How to get and cast JNDI object correctly in Liberty - jndi

I have a big problem on getting the correct instance or at least casting the instance I got with JNDI-lookup to correct interface at Web Sphere Liberty (16.0.0.4, running on Java 7, though using Oracle Java 1.8.0_45 in the back, developing on Eclipse Neon.2).
When I start the server and the ear containing the EJB, I get the following notification into the log:
The server is binding the xxx.interfaces.MyLocal interface of the MyEJB enterprise bean in the xxx-ejb.jar module of the xxx-ear application. The binding location is: java:global/xxx/MyEJB!xxx.interfaces.MyLocal
Then I have a web application (ear) which has a service provider (with #Produces) for the previously started ejb-service, which will provide the JNDI resource as injectable (#Inject) for the rest of the application (a bit tricky thing, the main idea is to allow to change the lookup location from configuration file + do some other stuff also).
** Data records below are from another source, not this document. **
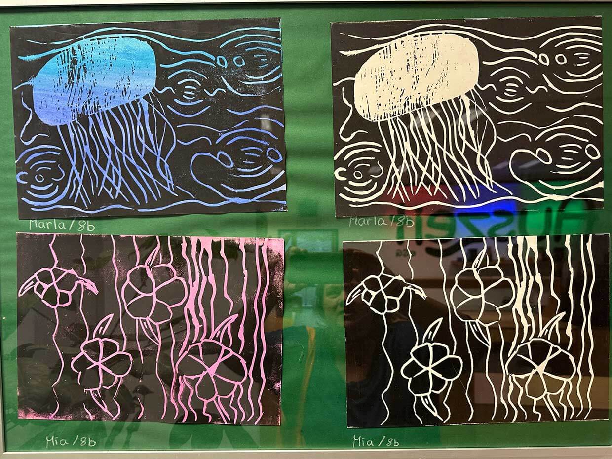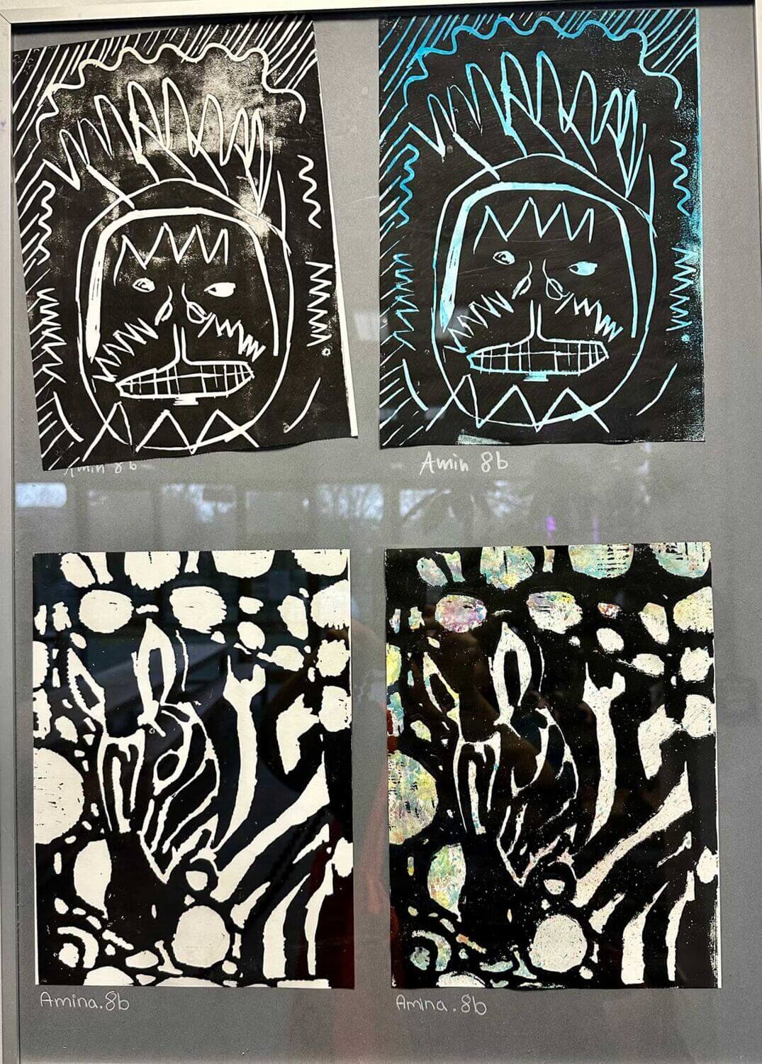 Kreative Kontraste in Schwarz und Weiß – Linolschnitt der Klasse 8b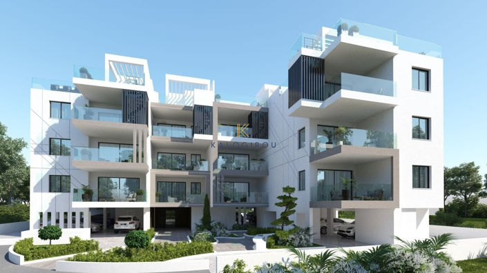 Apartment for Sale in Aradippou area, Larnaca. This beautiful apartment consists of an open plan kitchen and living room with dining area, two bedrooms, one common bathroom with wc and one en suite shower in the master bedroom. The apartment enjoys a private roof garden with sitting area and toilet. Also, the apartment has a storage room and covered parking space on the ground floor.
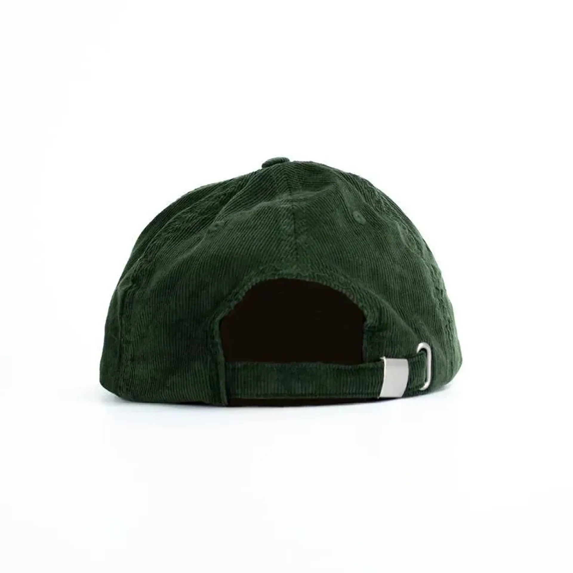 Cotton corduroy six panel cap with a soft unstructured crown, cotton twill sweatband, interior taping and adjustable fabric strap with metal buckle and grommet.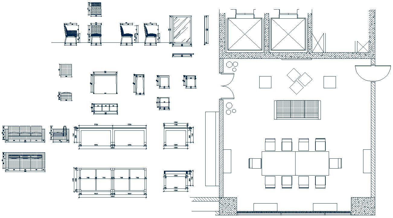 Furniture blocks are available in this DWG AutoCAD Drawing file, Many types of blocks available like chairs, tables, sofa, office tables different types of Dining tables are available. Download the AutoCAD DWG file to get these blocks. Thanks for Downloading AutoCAD DWG files from our website.
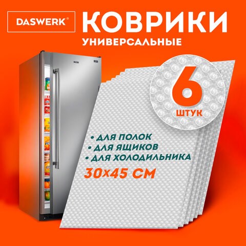 Коврики универсальные 6 шт., 30х45 см, для холодильника, полок, сервировки, прозрачный, DASWERK, 609604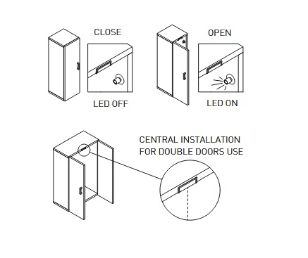 Bezvadu, kompakts slēdzis, kas automātiski aktivizē apgaismojumu, atverot durvis. Ideāli piemērots virtuves, vannas istabas, ģērbtuves vai guļamistabas mēbelēm, tas nodrošina lietošanas komfortu bez redzamiem vadiem un sarežģītām instalācijām.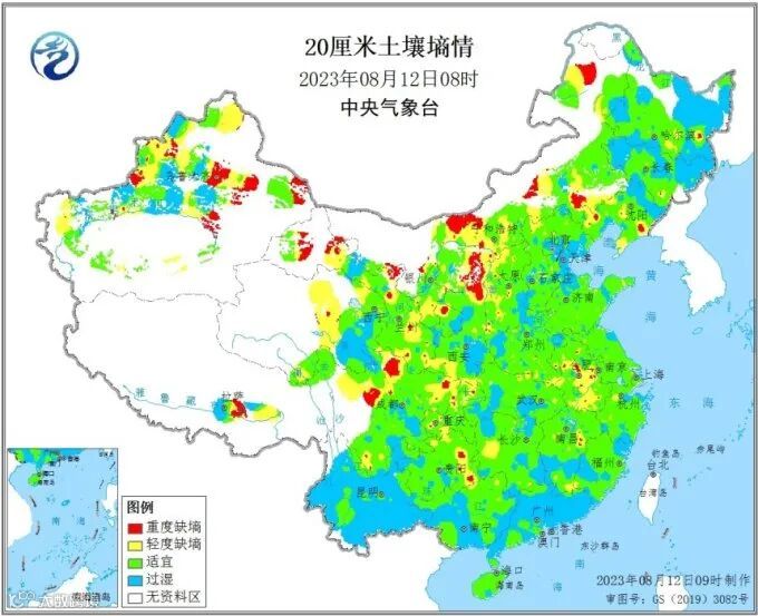 本周,黑龙江和吉林气温接近常年或偏低1~2℃、日照较常年偏少3~9成、雨日数有3~6天,其中黑龙江西部和东南部以及吉林东部降水量有25~100毫米、局地超过100毫米,低温多雨寡照天气不利于前期土壤过湿地区排涝散墒,部分农田出现渍涝灾害,导致作物根系呼吸短暂受阻,作物生长发育缓慢;辽宁大部、内蒙古东部土壤墒情适宜或略湿,气象条件基本利于大豆、玉米生长发育。新疆东部有3~6天日最高气温≥35℃的高温天气,对棉花花铃生长、春玉米灌浆及林果生长不利。西北地区东部和南部出现大到暴雨,降水量较常年偏多3成至4倍,甘肃陇南、陕西关中等地土壤缺墒状况得到明显缓解,大部气温偏高1~4℃,对秋粮作物生长发育总体有利。华北、黄淮大部光温充足,利于前期土壤过湿地区散墒,截止12日,大部土壤墒情适宜,气象条件利于夏玉米抽雄吐丝、棉花开花以及大豆开花。长江中下游地区周内光热充足,大部蓄水较好或旱田墒情充足,利于在地作物生长发育;江淮西部和南部、江汉中东部等地周内无明显降水,湖北东部、湖南大部、江西东北部、浙江西南部等地高温日数有5~7天,安徽、湖南等地出现轻度缺墒,高温少雨不利于一季稻拔节孕穗和抽穗灌浆、夏玉米抽雄吐丝、夏大豆开花结荚、棉花开花吐絮以及晚稻分蘖生长。西南地区大部光温水匹配较好,利于春玉米灌浆乳熟、一季稻抽穗灌浆和乳熟以及经济林果果实膨大;云南西南部出现多雨寡照,不利于一季稻抽穗扬花、夏玉米开花吐丝和成熟烤烟采收。华南东南部和西部周内多暴雨和大暴雨,强降水缓解高温和广西等地蔗区旱情,补充农业生产用水,但部分农田出现短时渍涝,对作物生长略有不利。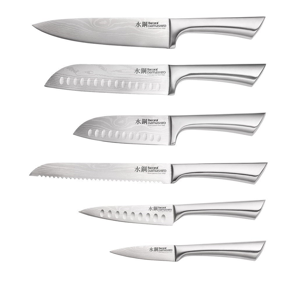• The Baccarat® Damashiro™ 7 Piece Mizu Knife Block Oak set contains: 1 x 20cm/8" Chefs knife, 1 x 20cm/8" Bread knife, 1 x 17cm/6.5" Santoku knife, 1 x 14cm/5.5" Santoku knife, 1 x 12cm/4.5" Utility knife, 1 x 9cm/3.5" Paring knife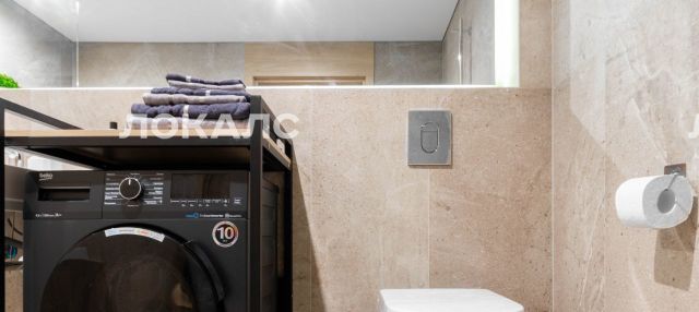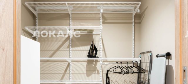Квартира оснащена вместительной зоной хранения, стиральной машиной, феном, гладильной доской, сушилкой и утюгом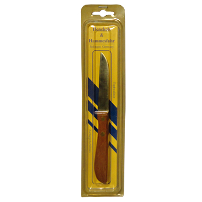 Roestvrij stalen aardappelschilmes. Dit mes met echt houten handgreep NIET in de vaatwasser reinigen. Afmeting verpakking: 6 x 1,5 x 26,5 cm. Afmeting schilmes: 2 x 1 x 18 cm. Gewicht: 36 gram.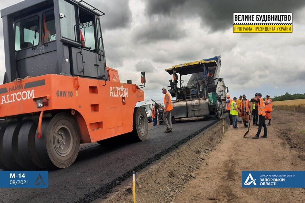 В Запорожской области активно продолжается капитальный ремонт дороги международного значения М-14 Одесса-Мелитополь-Новоазовск (на Таганрог).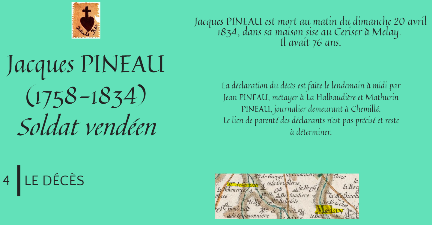 Jacques PINEAU s’est éteint au matin du 20 avril 1834 à l’âge de 76 ans dans sa maison de Cerisier à Melay où il demeurait sur la fin de sa vie.
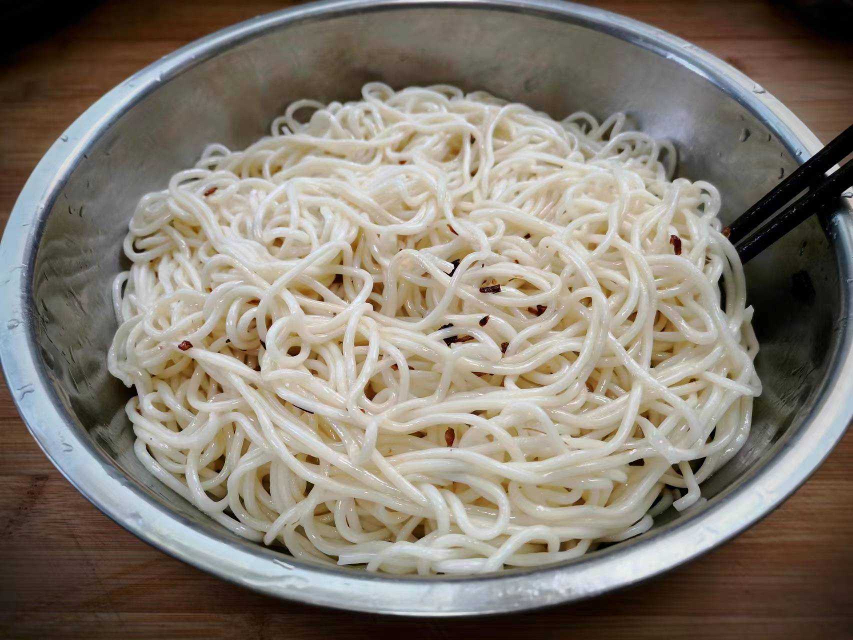 5、加入适量葱油或者食用油,用筷子将面条挑一挑,搅拌均匀,尽量让面条都沾满油脂,放在一边备用。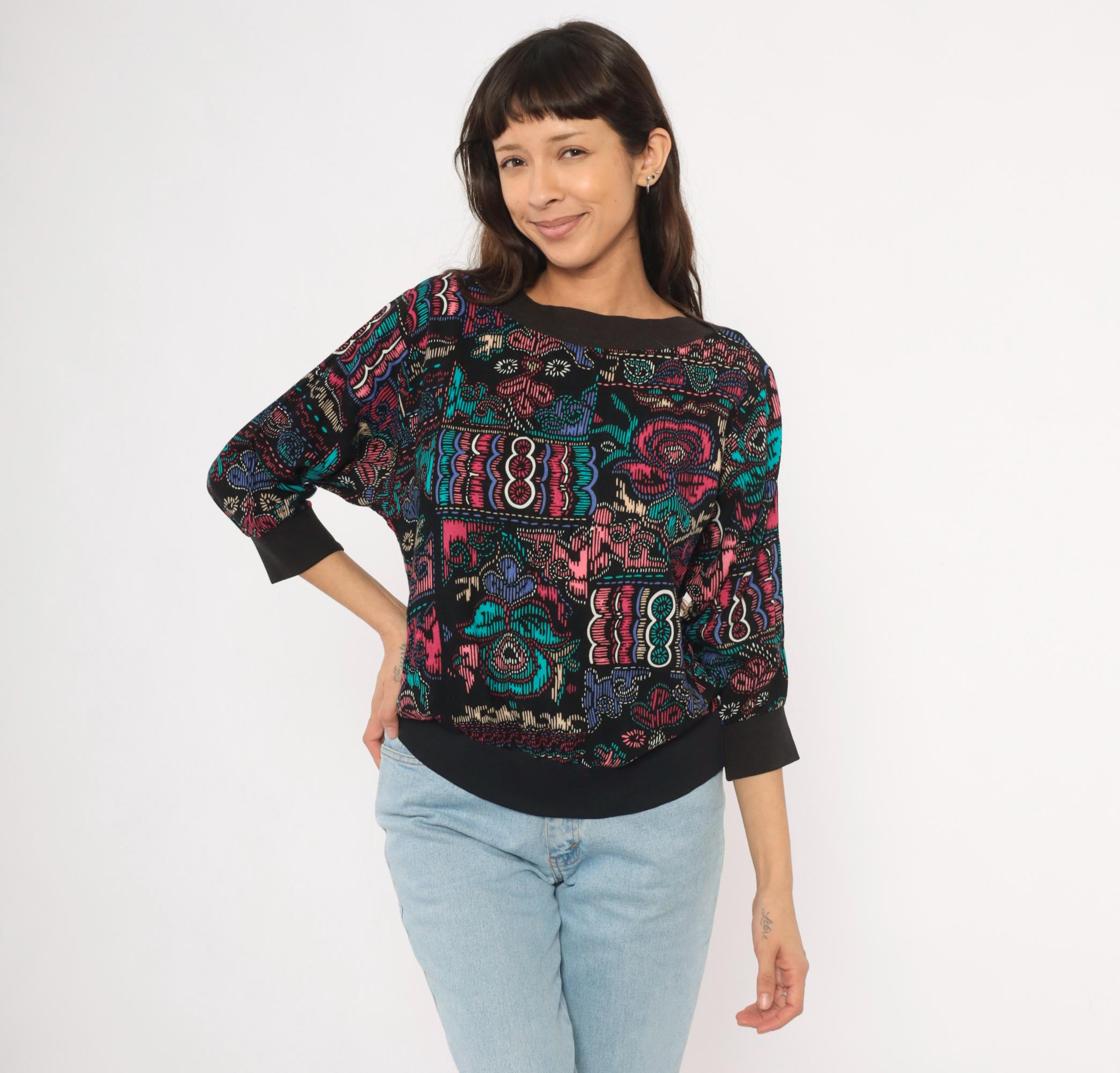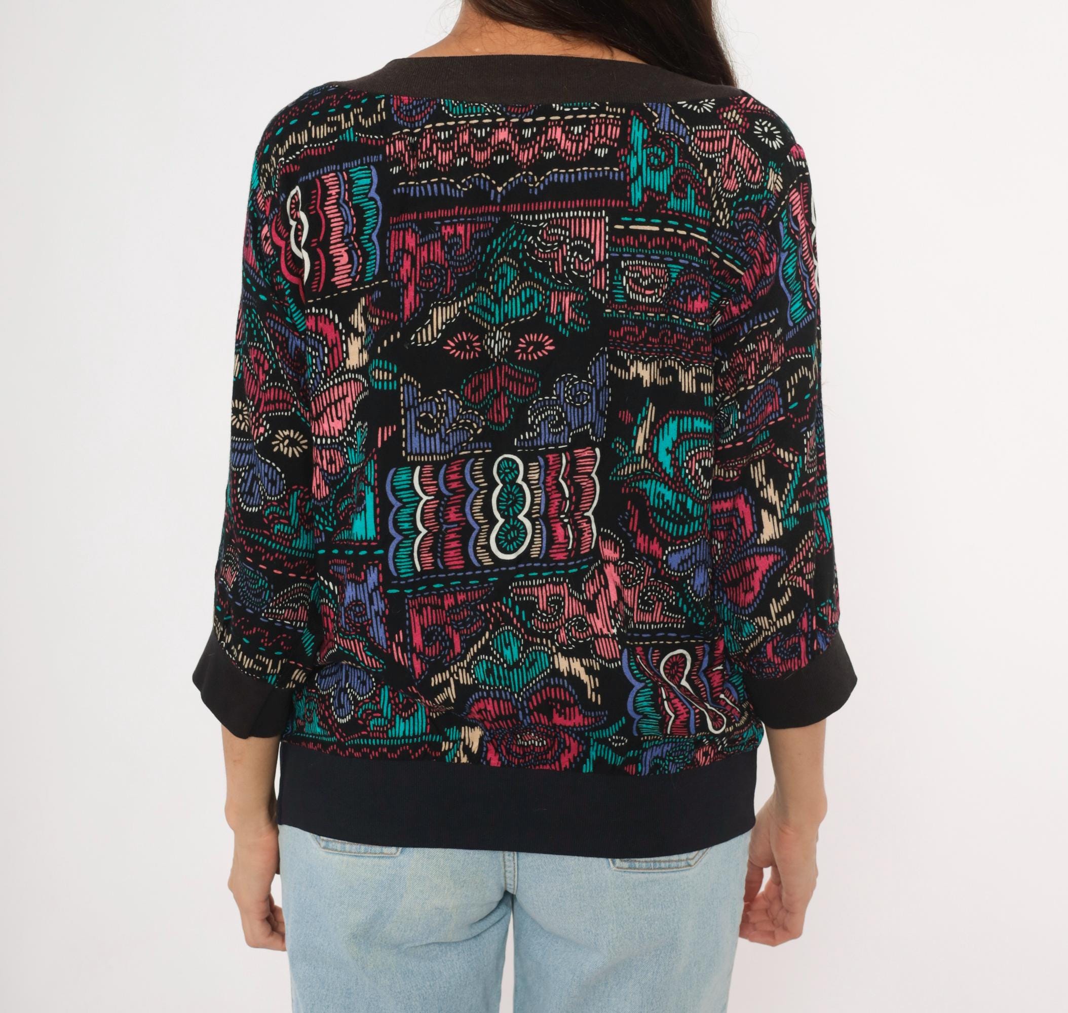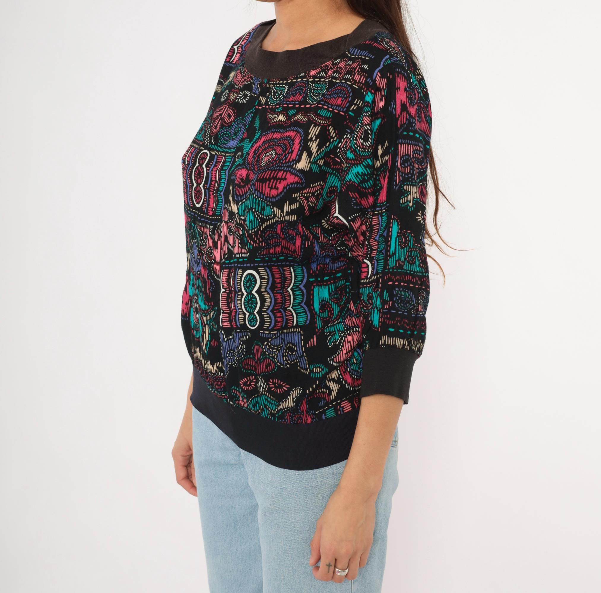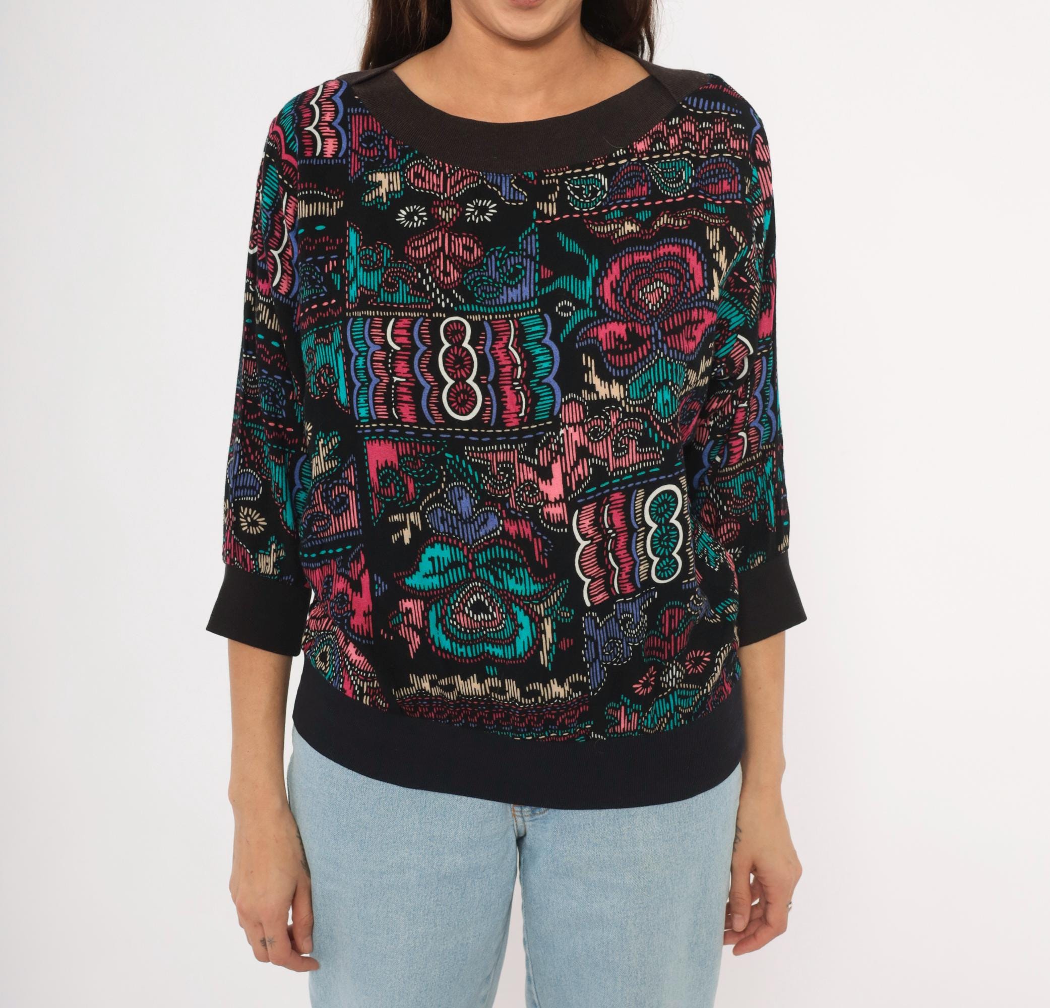 90s abstract pullover top with a wide boat neckline and three-quarter dolman sleeves. Black background with teal, pink, purple, and cream graphic motifs in a faux cross-stitch and embroidery-inspired print arranged in irregular blocks. Ribbed black crew neck trim, ribbed cuffs, and a wide solid black banded hem.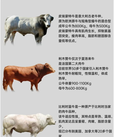 选择西门塔尔牛、夏洛莱牛等生长速度快、抗病性强的杂交品种,或改良后的秦川牛、鲁西黄牛。犊牛优先选择骨架大、精神活泼的个体。

It seems to work correctly for all it is supposed to, but when getting the JNDI-resource, it kind of works but not correctly.
If I put the ejb part as a dependency into my web-module, I can inject it directly (#Inject MyLocal myEjb;).
As the injected resource I get an object with the signature:
EJSMyLocal0SLMyEJB_a4549339#cc5d2cdd
with lookup I get an object with signature (at the same time as the inject):
EJSMyLocal0SLMyEJB_a4549339#cdda36a7
(Not the same instance afaik, but the "type" is correct?)
The injected resource is correctly (automatically of course) cast on 'MyLocal' interface and is ok.
When I try to check the resource got with JNDI, it does not qualify as an instance of 'MyLocal' nor as 'MyRemote'? Also the actual cast fails of course with ClassCastException. (MyRemote is basically the same as the MyLocal interface ... MyLocal extends MyRemote, both interfaces are accordingly annotated with #Local and #Remote)
The EJB looks like this at the time of testing...
#Stateless
#Named
#Default
#Local(MyLocal.class)
#Remote(MyRemote.class)
public class MyEJB implements MyLocal, MyRemote { ... }
I also tried to cast the JNDI resource like this.
InitialContext ic = new InitialContext();
Object lookedUpEjb = ic.lookup(lookup); // the 'java:global...' from log
MyRemote jndiEjb = (MyRemote) PortableRemoteObject.narrow(lookedUpEjb, MyRemote.class)
// Tried also casting/checking 'instanceof' to MyLocal...
No difference with that, the same ClassCastException occurs?!
I have the following features in server.xml
<featureManager>
<feature>javaee-7.0</feature>
<feature>ldapRegistry-3.0</feature>
<feature>localConnector-1.0</feature>
<feature>adminCenter-1.0</feature>
<feature>wsSecurity-1.1</feature>
<feature>ejbLite-3.2</feature>
<feature>ejbRemote-3.2</feature>
<feature>cdi-1.2</feature>
<feature>jpa-2.1</feature>
<feature>jsf-2.2</feature>
<feature>jaxrs-2.0</feature>
<feature>jaxws-2.2</feature>
</featureManager>
I found this documentation on the Liberty JNDI functionality:
https://www.ibm.com/support/knowledgecenter/SSAW57_liberty/com.ibm.websphere.wlp.nd.multiplatform.doc/ae/twlp_ejb_remote.html
I can't see where I go wrong. How do I cast that object from JNDI lookup to MyLocal or MyRemote interfaces?
---- Note ----
Using the #EJB annotation is not an option (it works though), since it will be hard coded reference to the resource. I want it to be optional though, thus JNDI lookup. #EJB will cause the app to crash when the resource is not available.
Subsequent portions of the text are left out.